Avec tous les problèmes rencontrés par le parc, c'est un petit miracle que Disneyland ait réussi le premier mois de fonctionnement. Une chose qui a aidé à ramener les gens était les manèges uniques, dont beaucoup ont été créés par une société inconnue de Californie. Ed Morgan, Karl Bacon et Walter Schulze avaient construit un carrousel pour la ville de San José. Disney a été impressionné par la qualité du trajet et a demandé aux hommes, qui avaient formé Arrow Development Company (plus tard Arrow Dynamics) de créer des systèmes de transport pour son nouveau parc. M. Toad's Wild Ride, The Mad Hatter's Tea Party, Dumbo et Peter Pan's Flight étaient toutes des attractions créées par une collaboration entre Arrow et Disney.

Disney voulait des montagnes russes pour son parc, mais il en voulait une qui soit à la fois une balade en famille et fortement thématique comme le reste des attractions. Pour cette raison, les sous-verres construits par des entreprises comme la Philadelphia Toboggan Company et National Amusement Devices ne correspondaient pas à la vision de Disney. Arrow a décidé d'utiliser des chenilles tubulaires et des roues en nylon et a produit le premier des nombreux caboteurs à chenilles en acier de sa carrière, le Matterhorn. Les montagnes russes ont contourné et traversé une réplique artificielle de la célèbre montagne suisse et ont atteint 80 pieds à son point culminant. Le manège, construit en 1959, était ce que Walt recherchait et offrait une conduite douce et tiède à toute la famille.

Il y a un camp de gens qui disent que Disney n'a pas créé le premier parc à thème.

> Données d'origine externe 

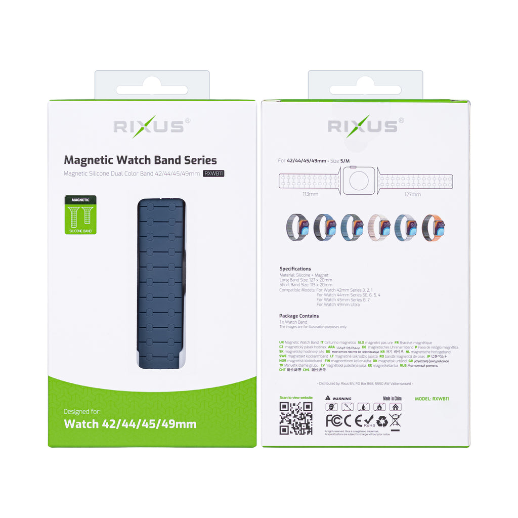 Rixus For Apple Watch 42mm, 44mm, 45mm, 49mm Silicone Band With Magnetic Blue + Midnight

Si vous êtes un fan de montagnes russes, il y a de fortes chances que vous ayez entendu parler des légendaires montagnes russes Raven à Holiday World à Santa Claus, Indiana, mais vous ne saviez peut-être pas que le parc existe depuis 1946. Cette année-là, Louis Koch , un homme d'affaires à la retraite d'Evansville, a ouvert un petit parc nommé Santa Claus Land. C'était un parc pour enfants, mais portait le thème constant du Père Noël et de Noël dans tout le parc. Même si ce parc n'était pas à la même échelle que Disneyland, faut-il le considérer comme le premier parc à thème ? Cela correspond à la définition généralement acceptée d'un parc à thème aujourd'hui, alors devrions-nous réécrire les livres d'histoire pour Holiday World ?

Un autre parc qui revendique le titre de premier parc à thème est Great Escape à Lake George, New York. Il a ouvert ses portes en 1954 sous le nom de Storytown U.S.A. et son propriétaire, Charles Wood, ont transformé le petit parc en un parc à thème moderne. Il a créé une zone de livre de contes pour les enfants, un village international qui offrait de vastes possibilités de shopping aux visiteurs du parc et une ville fantôme.

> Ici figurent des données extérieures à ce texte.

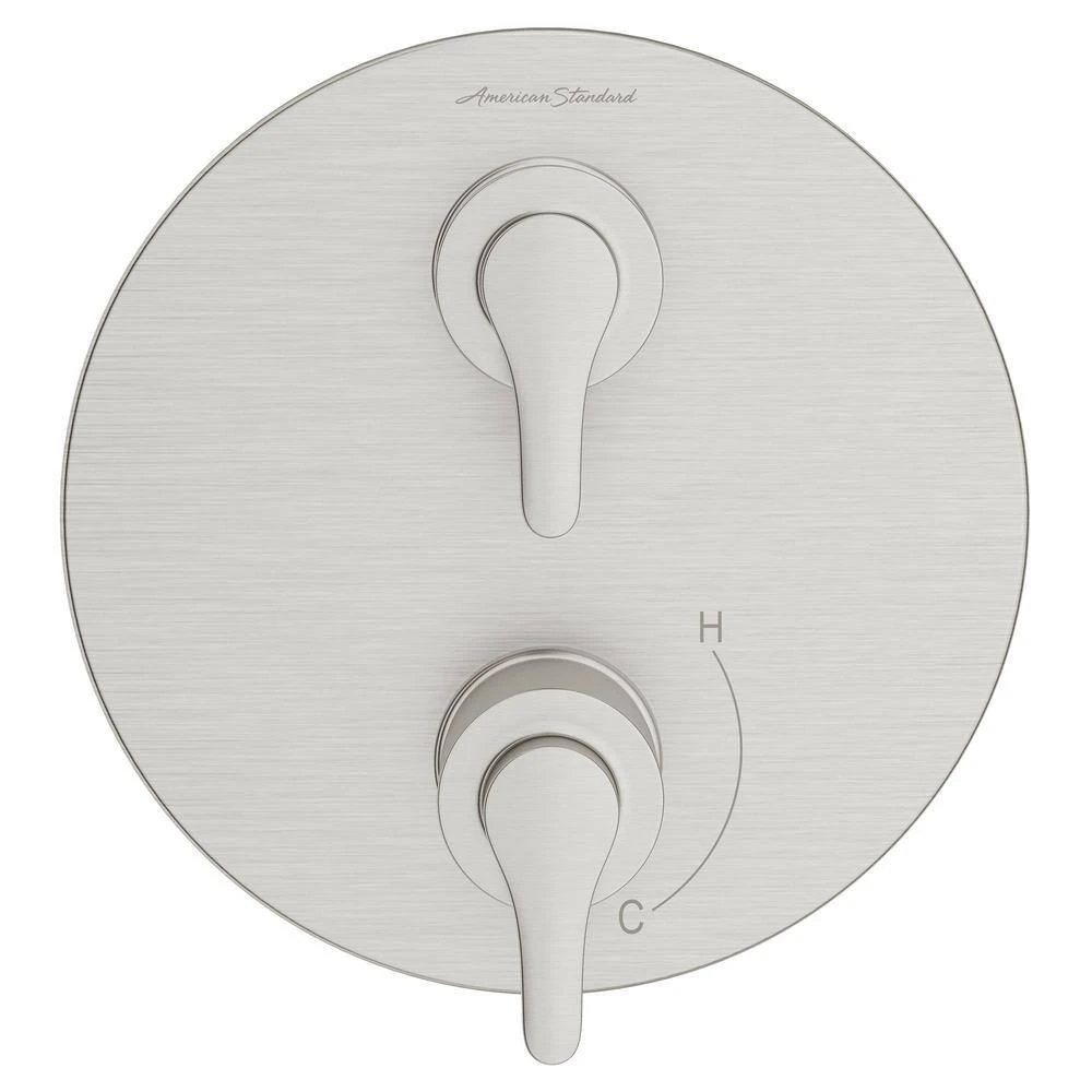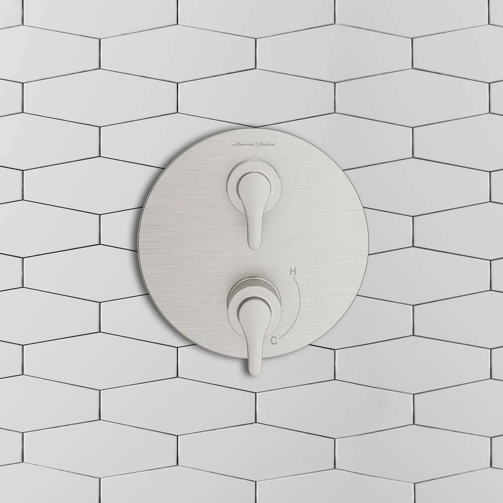 The urban-inspired Studio S 2-Handle pressure balance Integrated Shower Diverter Trim by American Standard is the perfect fusion of contemporary style and flawless functionality for today’s home. When paired with the exclusive Flash Rough-in Integrated Shower Diverter Valve, sold separately, you can easily alternate between water outlets. The Studio S Trim coordinates perfectly with the entire Studio S Collection. Requires Flash Rough-in Integrated Shower Diverter Valve RU521 with 2-outlet capability or RU531 with 3-outlet capability.

Au fur et à mesure que le parc grandissait, Wood a changé le nom de Great Escape et a ajouté des manèges comme le Steamin 'Demon (la boucle Ragin' Cajun Arrow et la vis de Pontchartrain Beach), un Huss Condor, un arc-en-ciel, un trabant (ainsi que de nombreux autres manèges plats ) et a ajouté le parc aquatique Splashwater Kingdom en 1995.

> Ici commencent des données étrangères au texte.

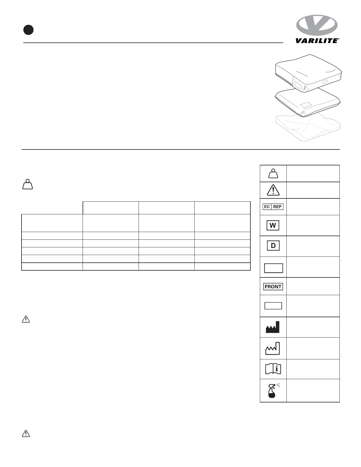 Tenzij anders vermeld, is het maximumgewicht voor gebruikers van VARILITE-rolstoelkussens 294 kg. De

C'est peut-être un débat qui ne sera jamais résolu, mais Walt Disney doit être remercié d'avoir créé un nouveau style de parc qui a permis aux parcs d'attractions et à thème de réapparaître dans la conscience publique. Le parc à thème est partout aujourd'hui et il est difficile de croire qu'il s'agit d'une institution américaine qui a moins d'un siècle.


Présentation de l'auteur
Commencez votre balade avec une introduction de l'historien des montagnes russes Adam Sandy.

Où les montagnes russes ont commencé

Le début
L'origine, ça commence par une simple glissade.

Les premières années en Amérique
Les premières montagnes russes américaines sont nées.

Montagnes russes du début des années 1900

Les années folles
Le boom de la popularité et l'engouement soudain pour la construction.

Histoire de Coney Island
Sodome au bord de la mer dans les parcs d'attractions les plus célèbres d'Amérique.

Dépression et guerre mondiale
Les jours sombres arrivent pour les montagnes russes.

Les années 60 et 70 apportent du changement aux montagnes russes

Parcs d'attractions des années 60
La disparition du parc d'attractions classique et la naissance d'une nouvelle race, le parc à thème.

Sous-verres en bois des années 60
Le calme avant la tempête de construction recommence.

Boom de la construction de parcs à thème
John Allen et Kings Island forment une combinaison gagnante.

Fin des années 70
Le début des montagnes russes modernes en boucle.

Décennie de l'innovation en montagnes russes

Entrez dans les années 80
Le bois a été mis de côté pour plus de variété dans l'acier avec le début des montagnes russes debout et suspendues.

Fin des années 80
Les dernières années de la décennie ont dominé avec les manèges d'Anton Schwarzkopf et d'Arrow Dynamics.

Machines à crier modernes des années 90

Sous-verres en acier des années 90, partie 1
Sous-verres en acier des années 90, partie 2
Sous-verres en acier des années 90, partie 3
Des montagnes russes plus grandes et meilleures arrivent alors que les concepteurs tentent maintenant de repousser les limites de la taille et des conceptions.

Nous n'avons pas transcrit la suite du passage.